Updated Dockerfile for easier deployment and consistent builds #105

Closed olliecheng closed 1 month ago

olliecheng commented 1 month ago

Hi,

This PR contains an updated Docker build process which I hope will become a supported and well-maintained deployment method for JAFFA.

It supports GitHub Actions for auto deployment, includes a slimmed down final run stage, and includes a fixed set of binaries and runtimes which mirror the settings recommended in the JAFFA wiki. This PR also includes a patch for the bpipe bug in https://github.com/ssadedin/bpipe/issues/290, which is a randomly occurring issue which can present in both containers and native runs.

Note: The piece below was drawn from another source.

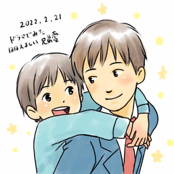 ドラマで見た兄弟がとても微笑ましくて、思わず仲良し兄弟を描きたくなりました😁

Improvements compared to existing approaches:

The main goal is to produce an image which can be easily updated in the future if JAFFA changes, with as minimal change to the Dockerfile as possible.

In my testing, I've observed that the output from the native and the Docker JAFFAL pipelines are identical when testing using the instructions and data provided in the wiki. For direct, assembly, and hybrid modes, I think that the output is unlikely to be identical due to randomness in bowtie2. However, the first 9 columns of JAFFA_results.csv are identical.

You can try out my build of version 2.4 at docker://ghcr.io/olliecheng/jaffa:latest.

olliecheng commented 1 month ago

I am also interested in writing documentation to the JAFFA wiki explaining how to use the Docker image, alongside the regular method. That way, users won't need to read the Dockerfile to understand where JAFFA expects the reference files to be located or where to find the pipeline files.